周启华皱眉:“能抢过来吗?”
“很难。但我们可以通过地下渠道接触那些科学家。苏联人给的条件很差——西伯利亚劳改营,和囚犯没区别。只要我们给的条件好一点,他们会愿意来的。”
“怎么把人运出来?”
“从北海道坐船到青森,然后穿过美军占领区,再到我们那里。虽然冒险,但不是不可能。”
周启华沉思片刻:“做。但要快,不能等苏联人反应过来。”
很快,一个秘密行动在北海道展开。南华情报人员重金收买苏联军官,接触了几名被关押的日本核物理专家。
“去西伯利亚,你们只有死路一条。”情报人员用流利的日语说,“但如果我们帮你们逃出去,可以去南华。那里有实验室,有研究经费,你们的家人也可以一起。”
一个年轻的日本专家犹豫道:“可是苏联人会发现……”
“苏联人不会发现。你们会在逃亡中‘失踪’,他们会以为你们死在了逃亡路上。南华会给你们的家人一笔抚恤金,然后秘密接走他们。没有人会知道真相。”
不久,七名日本核物理专家在北海道“失踪”。
苏联占领军搜查了整整一个月,一无所获。他们不知道,这些人早已改名换姓,登上了前往南华的秘密船只。
南华,仰光郊外。
一片被高墙围起来的区域,门口没有任何标识,只有荷枪实弹的士兵把守。
这里是南华核武器研究的秘密基地——代号“射日”。
仁科芳雄站在自己的办公室里,望着窗外陌生的景色。这里是热带,和日本完全不同。
但他的实验室里,设备齐全,条件比在日本时还好。
三个月来,他和他的团队一直在整理从日本带来的研究资料,同时开始培训南华的年轻科研人员。
周青云给他们开出的条件很优厚:自由研究,充足经费,家人平安,还可以随时回国探亲——当然,探亲要经过批准。
但仁科知道,这一切都是有代价的。
那天,周启华来基地视察,单独和他谈了一次话。
“仁科教授,你的家人在这里生活得还好吗?”
“很好。谢谢总统的照顾。”
周启华点点头,突然话锋一转:“教授,你有没有想过,如果你或者你的团队有人想离开南华,会怎么样?”
仁科一愣,随即明白了这话的分量。
“周将军,我们不会离开的。这里很好。”
“我相信你不会。”周启华站起身,走到窗前,“但你的团队里那么多人,难保有人想家,想回国。我要告诉你的是:如果他们想回国,可以。但必须经过严格的审查,确保他们没有泄露机密。”
他转身,目光直视仁科:“而且,如果他们回去了,他们的家人就必须留在南华。这是规矩。”
仁科心中一凛。他终于明白,南华人为什么要先把家属接来——这不是照顾,是人质。
“我明白了。”他低下头。
周启华拍拍他肩膀:“教授,别多想。只要你们安心工作,南华不会亏待任何人。你们的家人,也会得到最好的照顾。但如果有人想搞小动作……”
他没有说完,但仁科已经懂了。
那天晚上,仁科芳雄在自己的日记里写道:
“我成了人质,我的团队也成了人质。我们的家人,被分散安置在南华各地,说是保护,其实是监视。南华人很客气,很尊重我们,但我知道,我们永远不可能离开了。”

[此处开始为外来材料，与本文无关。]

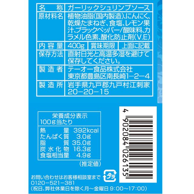 商品名 テーオー食品 ガーリックシュリンプソース 400g×3個 容量 400g×3個 原材料名 植物油脂(国内製造)、にんにく、乾燥たまねぎ、食塩、レモン果汁、ブラックペッパー/酸味料、カラメル色素、酸化防止剤(V.E) アレルギー特定原材料 — 賞味期限 商品の発送時点で、30日以上あるものをお届けいたします 保存方法 直射日光、高温多湿を避けて保存してください。
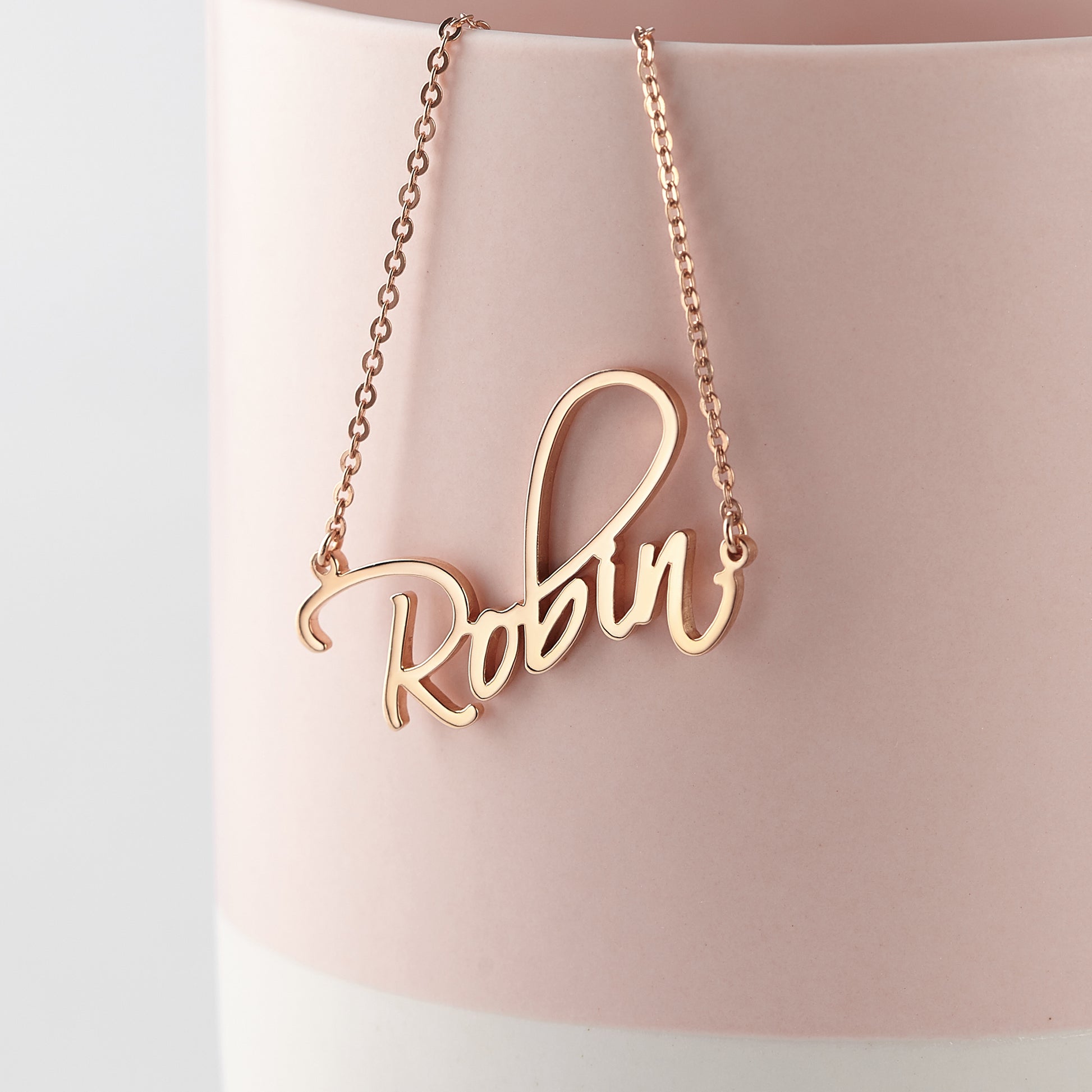Boast your name in a handwriting font! This personalized name necklace is a cute way to wear your name. Great as gift for Christmas or birthday, this name necklace is available in sterling silver or 18K yellow or rose gold plated silver.
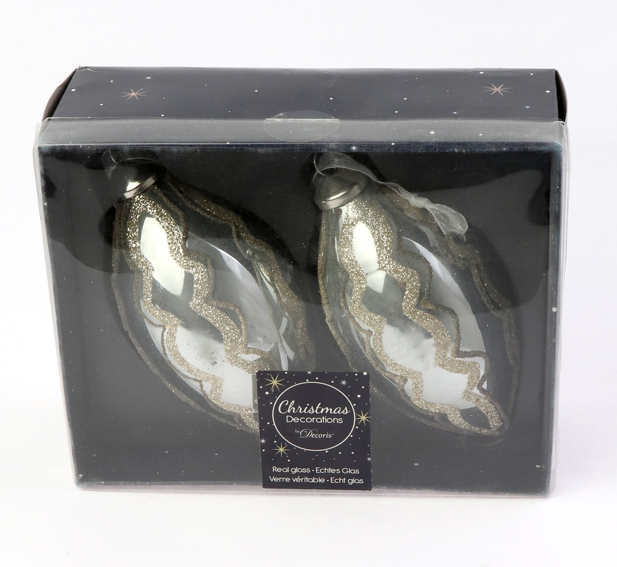 Set globuri Craciun - Decoris Olive With Glitter, 7x12cm
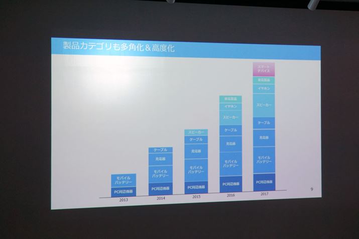 モバイルバッテリー中心の製品展開だった設立当初に比べると、オーディオ製品の占める割合が年々増加しているという
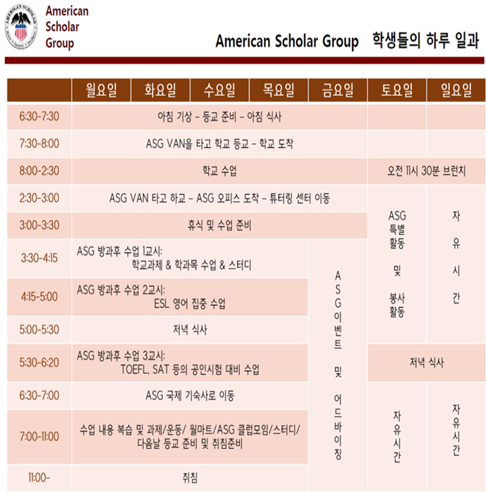 ASG 엄마동반 스쿨링 일정$비용
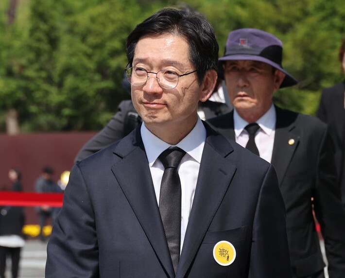 | ▲ 김경수 전 경남지사가 지난 5월 23일 경남 김해 봉하마을에서 열린 고 노무현 전 대통령 15주기 추도식에 참석해 이동하고 있다. [뉴시스] |
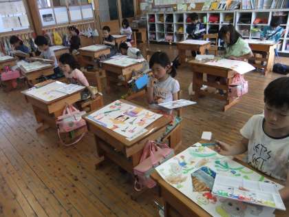 春にわらびやよもぎを摘んだ時のことを絵に描きました。摘んでいるときの姿勢や、周りの様子を思い出しながら描きました。
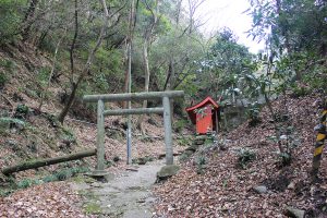 なんとか道はあるので、恐る恐る進んで行く。しばらく歩くと、古く苔の生えた鳥居が現れた。
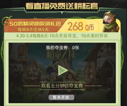 4月30日至5月4日,连续5日每晚8点至10点开启观看直播夺宝活动。在该时间段,参与活动,在活动直播间观看直播,将有机会瓜分50套精灵咏叹调礼包。每晚10点准时开奖,喜欢看直播的玩家用户千万不要错过直播时间,边看直播还有机会赢大礼,一举两得,快来试一试。
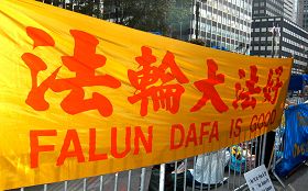![]() 纽约居民Maria Oster母女表示支持法轮功 |
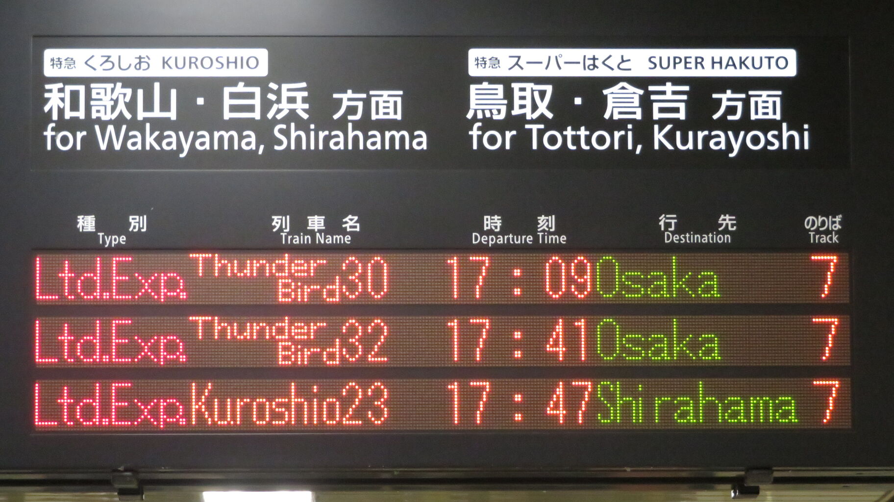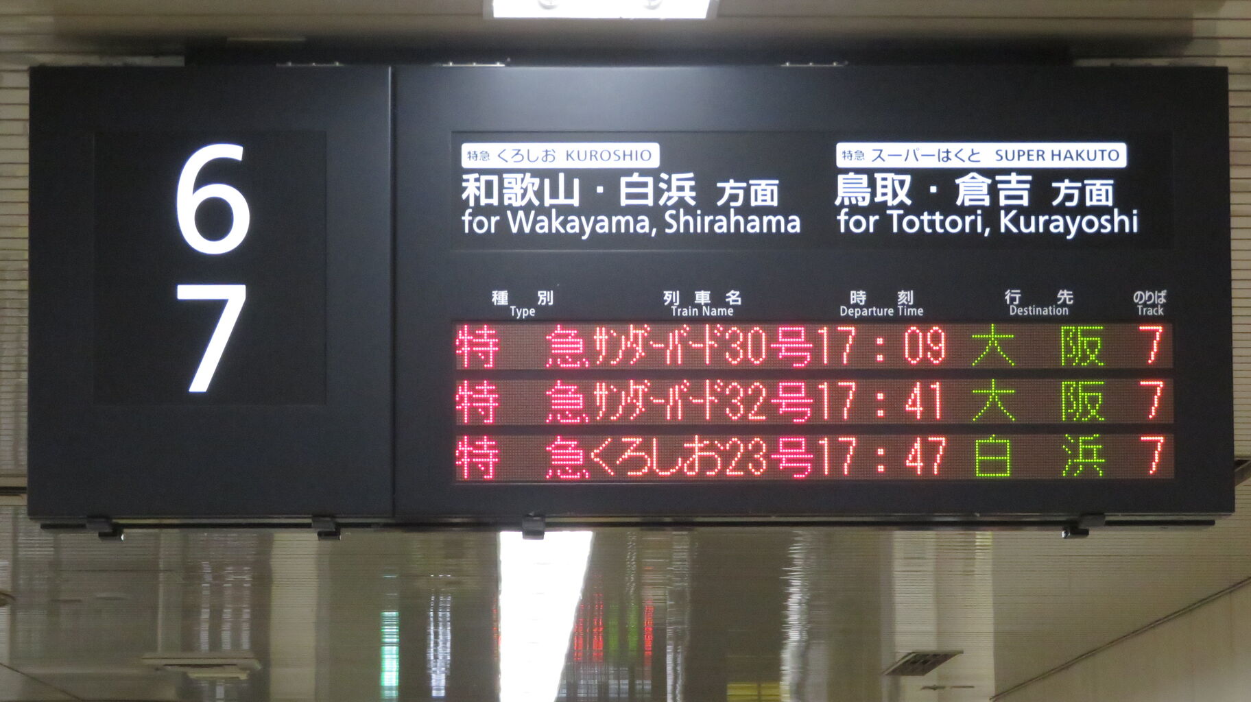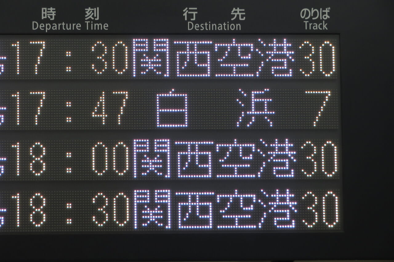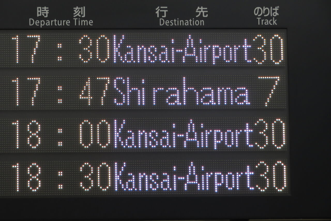 くろしおの発車案内は、JR京都線 大阪方面の発車標ではなく、関空特急はるかの発車標に表示されます。
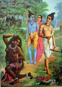 ...one day there came a demon giantess. She was the sister of the giant king of Lanka (Ceylon) [Ravana]. Roaming through the forest at will, she came across Rama, and seeing that he was a very handsome man, she fell in love with him at once....
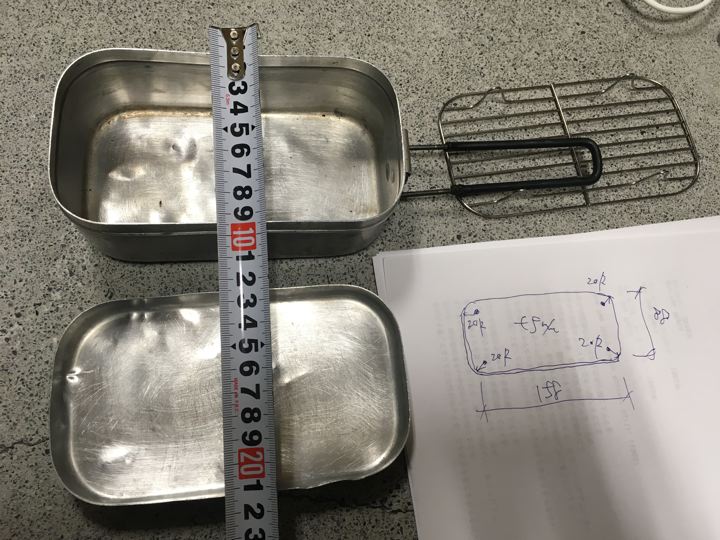 去年の9月末頃のお話。リョウさんの友達のダイゾウさんが鉄工所勤務で鉄板加工をしてくれるって事で、どうせならメスティンにジャストサイズの鉄板を特注しようと思ってみたのですが・・・。
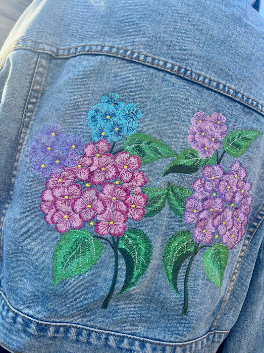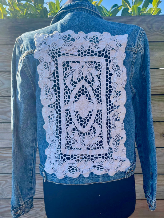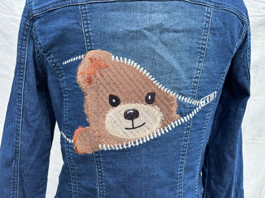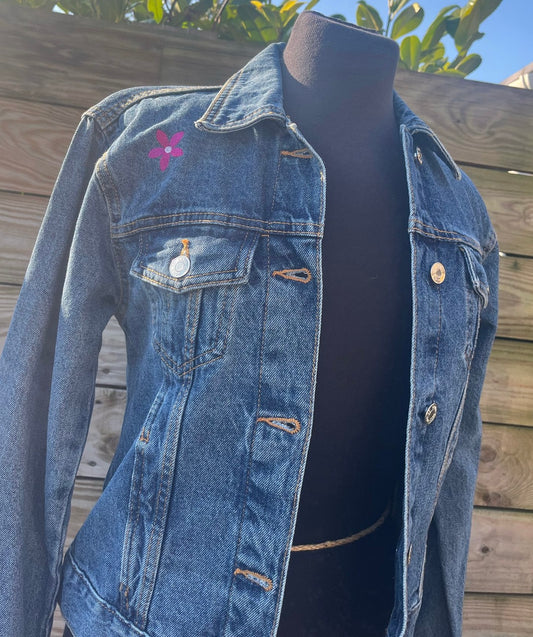 Ladies Denim Jacket Flower Bouquet tied with Ribbon

“但另一方面,这里的研究条件确实好。没有军部的干扰,没有战争的紧迫,可以真正静下心来做学问。也许,这就是我们的宿命——用知识换取自由,用余生赎罪。”
他合上日记,望向窗外的星空。南半球的星空,和日本完全不同。猎户座倒悬着,仿佛整个世界都颠倒了。
这里已经聚集了近百名日本核物理专家,以及从德国来的几十名科学家。他们分成十几个小组,分别研究核反应理论、铀浓缩技术、钚生产、引爆装置等不同方向。
仁科芳雄担任总顾问,负责协调各方研究。他的德语不错,可以和德国同行直接交流。这让他成为基地里最忙碌的人。
“仁科教授,”一天,一个德国科学家找到他,“你们日本人在核研究方面,走了不少弯路吧?”
仁科苦笑:“是啊。我们1940年就意识到核武器的可能性,但军部不重视,经费不足,加上战争后期资源匮乏,根本造不出来。”
德国科学家点头:“我们也差不多。海森堡的团队虽然理论上没问题,但希特勒不感兴趣,加上盟军的轰炸,根本没法工业化生产。”
两人相视,都有一种复杂的感慨。他们曾是敌对国的科学家,为了各自的国家研究毁灭性武器。如今,却在同一个屋檐下,为另一个国家工作。
“仁科教授,”德国科学家压低声音,“你有没有想过,如果我们真的造出了原子弹,会怎么样?”